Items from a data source
»»

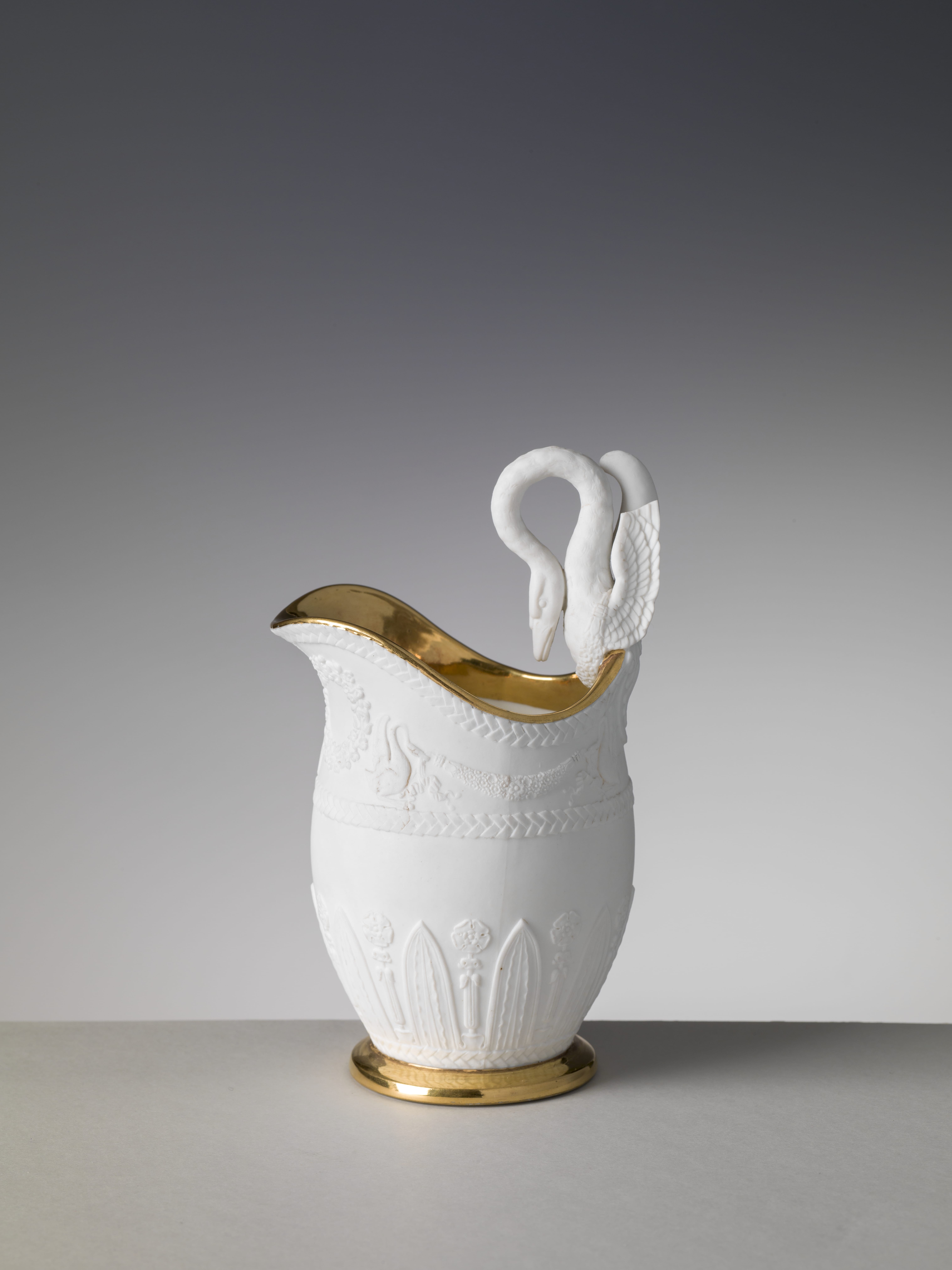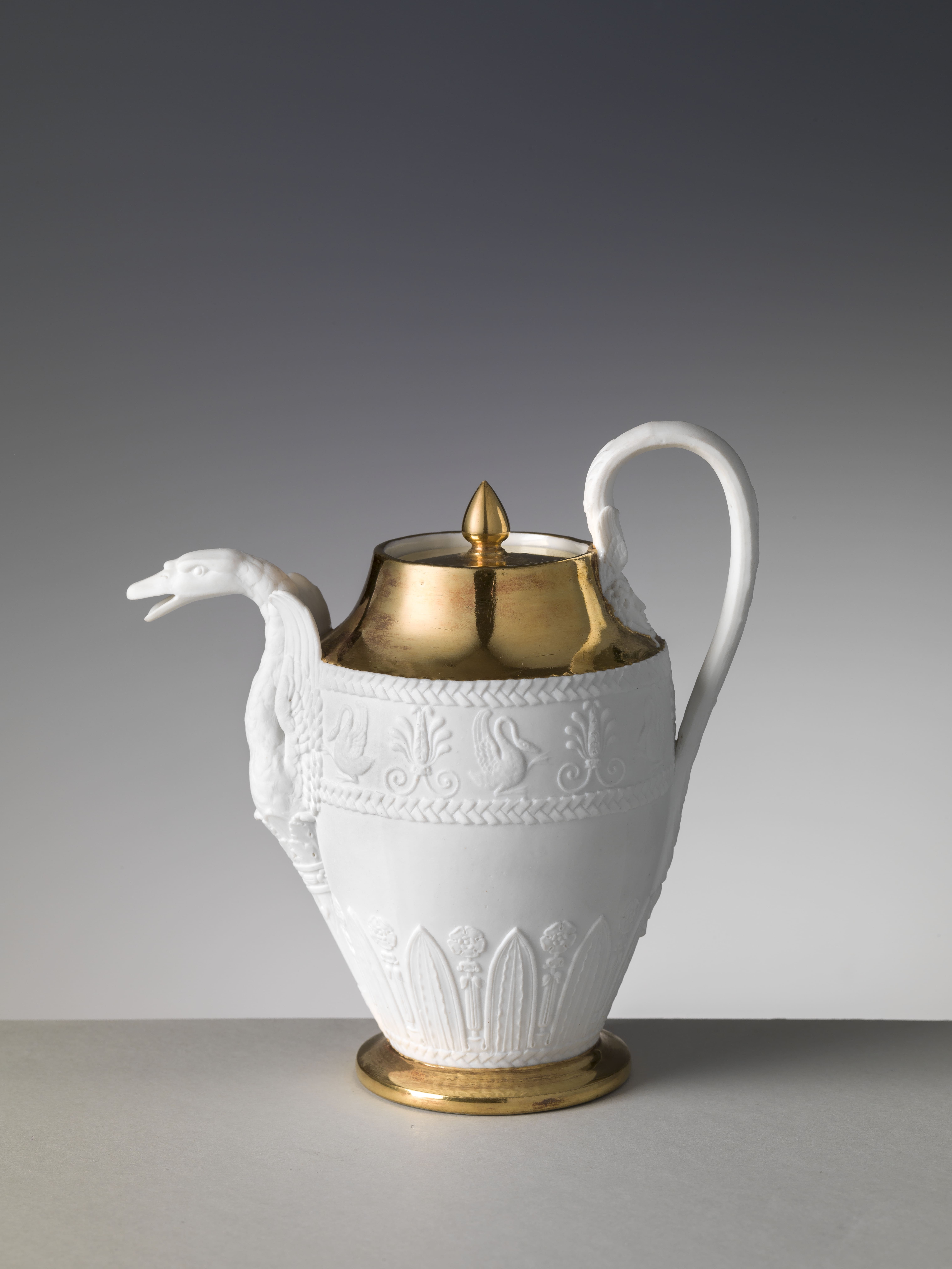 The set was probably complemented by a sugar bowl with a lid, a bowl with claw-shaped feet and a tray. There is no information on its collecting history, but we can hypothesise, given the period of execution and the presence of the swan as the protagonist, that it can be traced back to Elisa Baciocchi, who came to live in the Royal Pitti Palace after her appointment as Grand Duchess of Tuscany in 1809.
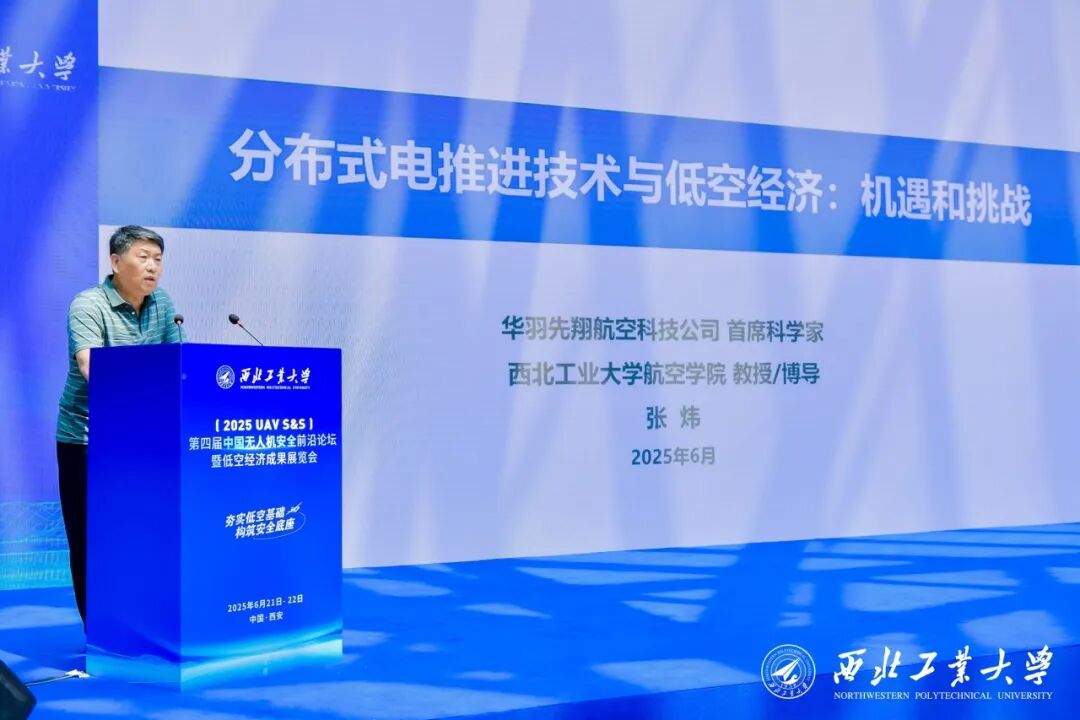 2025年6月21日至22日,第四届中国无人机安全前沿论坛暨低空经济成果展览会在西安盛大举行。华羽先翔联合创始人、首席科学家、西北工业大学航空学院教授/博导张炜教授受邀出席此次盛会,并发表了题为《分布式电推进技术与低空经济:机遇与挑战》的主题演讲,深入剖析了低空经济领域的发展趋势,以及华羽先翔在技术创新方面的卓越成果。
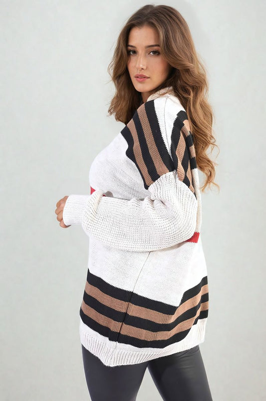 Oversized Striped Long Sleeve Knitted Jumper
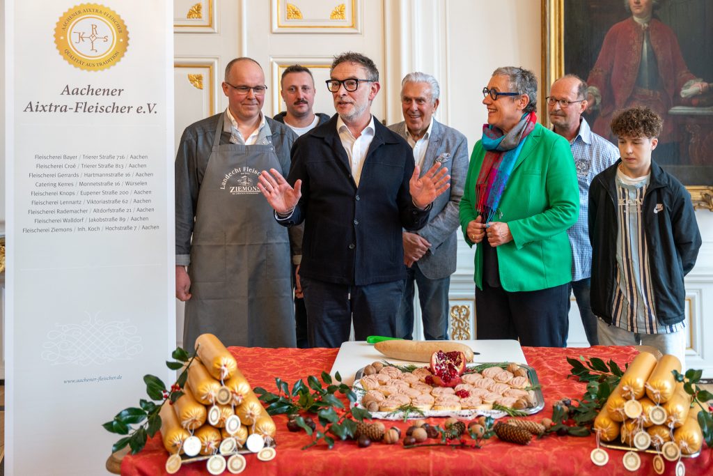 14. November 2024Auch in diesem Jahr wurde im prunkvollen Weißen Saal des Aachener Rathauses feierlich die diesjährige Aachener Weihnachtsleberwurst angeschnitten. Oberbürgermeisterin Sibylle Keupen unterstrich die Wichtigkeit unseres traditionellen Handwerks und lobte die Frische, Originalität und Regionalität der originalen „Oecher Weihnachtsleberwurst“, die nur bis zu Weihnachten produziert und verkauft wird. Die Aachener Weihnachtsleberwurst trägt mit Stolz schon seit 2016 die Abkürzung „g. g. A.“ für „geschützte geografische Angabe“.
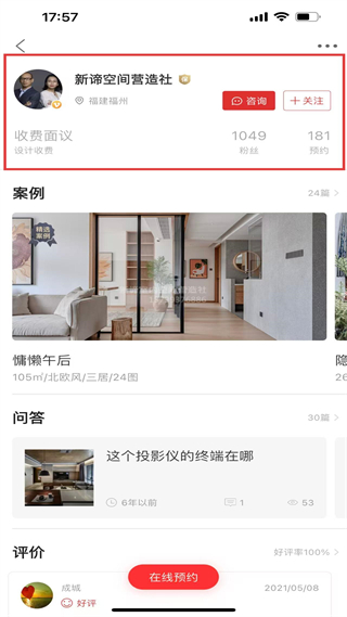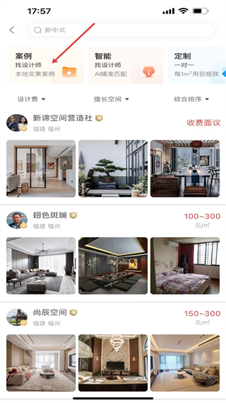 3、找設(shè)計(jì)師頁有案例、智能找設(shè)計(jì)師功能,展示新諦空間營(yíng)造社等本地設(shè)計(jì)師,可按設(shè)計(jì)費(fèi)等篩選。

««

_Prompt_
Only the lines from the line with "Oversized Striped Long Sleeve Knitted Jumper" through the end of the entries above, copied exactly and with both ends included, belong in the response; the pictures do not.

_Answer space_
 Oversized Striped Long Sleeve Knitted Jumper
 14. November 2024Auch in diesem Jahr wurde im prunkvollen Weißen Saal des Aachener Rathauses feierlich die diesjährige Aachener Weihnachtsleberwurst angeschnitten. Oberbürgermeisterin Sibylle Keupen unterstrich die Wichtigkeit unseres traditionellen Handwerks und lobte die Frische, Originalität und Regionalität der originalen „Oecher Weihnachtsleberwurst“, die nur bis zu Weihnachten produziert und verkauft wird. Die Aachener Weihnachtsleberwurst trägt mit Stolz schon seit 2016 die Abkürzung „g. g. A.“ für „geschützte geografische Angabe“.
 3、找設(shè)計(jì)師頁有案例、智能找設(shè)計(jì)師功能,展示新諦空間營(yíng)造社等本地設(shè)計(jì)師,可按設(shè)計(jì)費(fèi)等篩選。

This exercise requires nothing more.